= Mia Hägg =

Swedish architect

Mia Hägg (born 1970 in Umeå, Sweden) is a Swedish architect and founder of the architecture practice Habiter Autrement, established in Paris in 2008 and now based in Locarno, Switzerland.

==Biography==

Hägg studied architecture at Chalmers University of Technology in Gothenburg and at the École nationale supérieure d'architecture de Paris-Belleville. She subsequently joined Ateliers Jean Nouvel, where she worked as assistant project manager for the Dentsu Building in Tokyo.

She later joined Herzog & de Meuron in Basel, where she served as design project manager for several international projects, including the Beijing National Stadium for the 2008 Olympic Games.
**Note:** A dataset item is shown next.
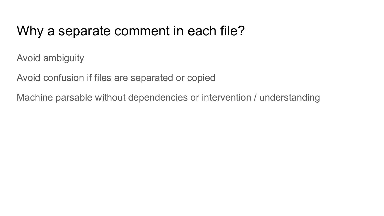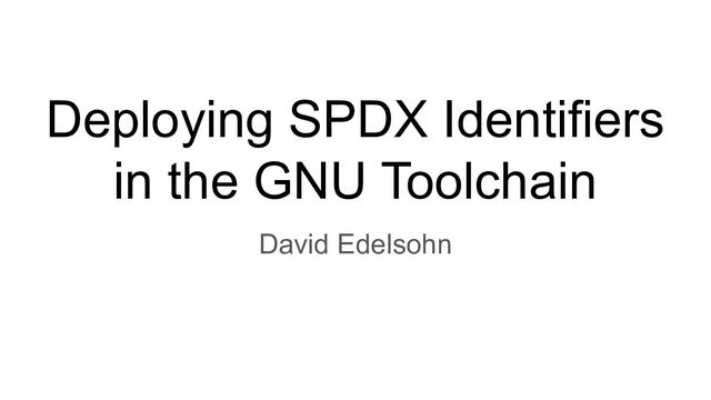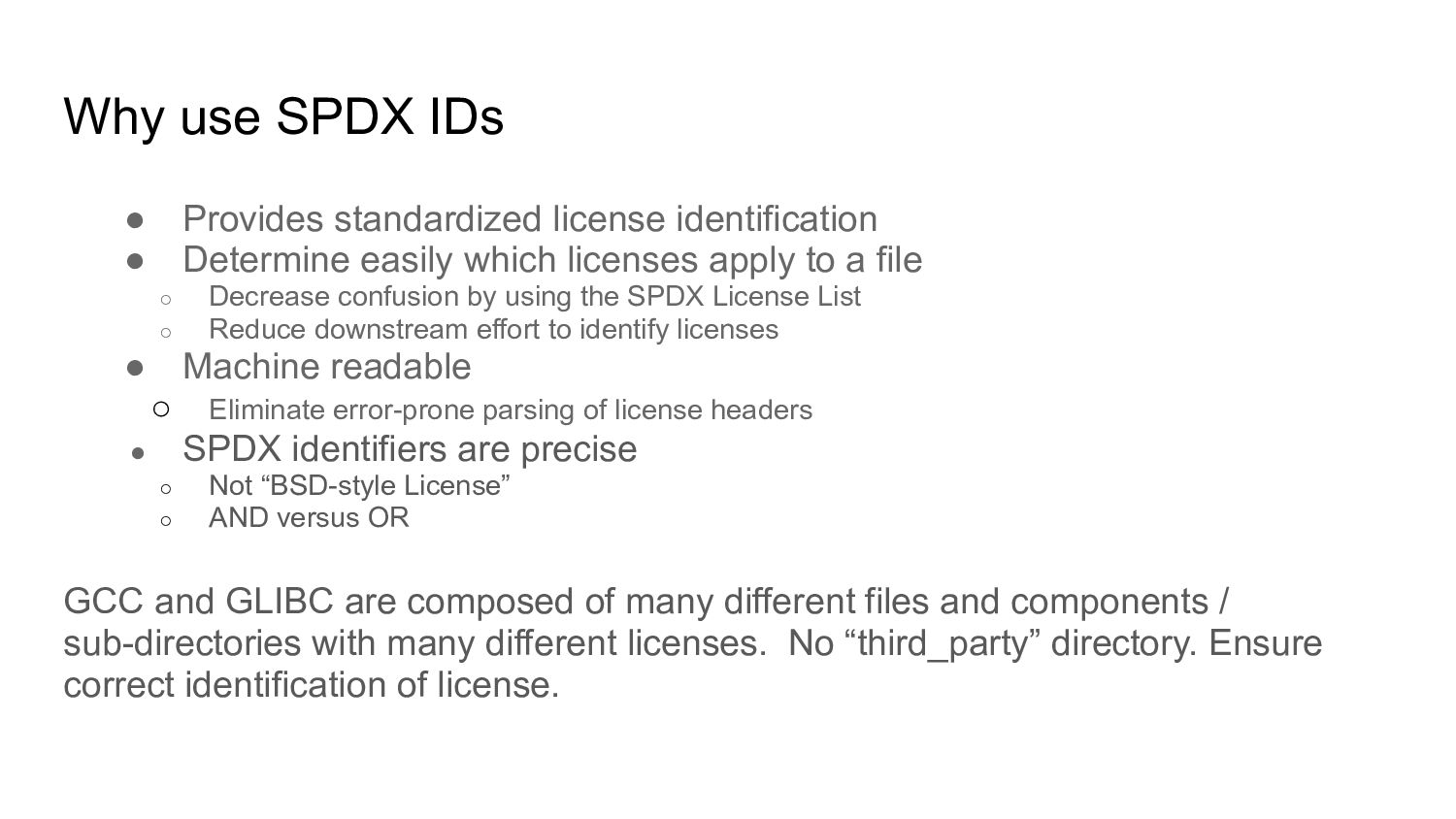 Determine easily which licenses apply to a file ◦ Decrease confusion by using the SPDX License List ◦ Reduce downstream effort to identify licenses • Machine readable ◦ Eliminate error-prone parsing of license headers • SPDX identifiers are precise ◦ Not “BSD-style License” ◦ AND versus OR GCC and GLIBC are composed of many different files and components / sub-directories with many different licenses. No “third_party” directory. Ensure correct identification of license.

In 2008, Hägg founded Habiter Autrement in Paris. Among the practice's early projects was a collaboration with Ateliers Jean Nouvel on three housing developments in the Bordeaux region: Lormont, Cenon and Armagnac. The projects reinterpret the conventional apartment block through individually configured dwellings, generous outdoor spaces and close relationships with the surrounding landscape.

The Lormont development received the 2012 Agora Architecture Prize for collective housing, while the Cenon and Armagnac developments received special mentions.

Hägg participated in the Venice Architecture Biennale in 2012. She returned to the Biennale in 2016.

Alongside her architectural practice, Hägg has taught at UCLouvain in Tournai and at the Accademia di Architettura di Mendrisio. She has also lectured at the Yale School of Architecture.

In 2022, she served on the jury for the European Union Prize for Contemporary Architecture – Mies van der Rohe Award.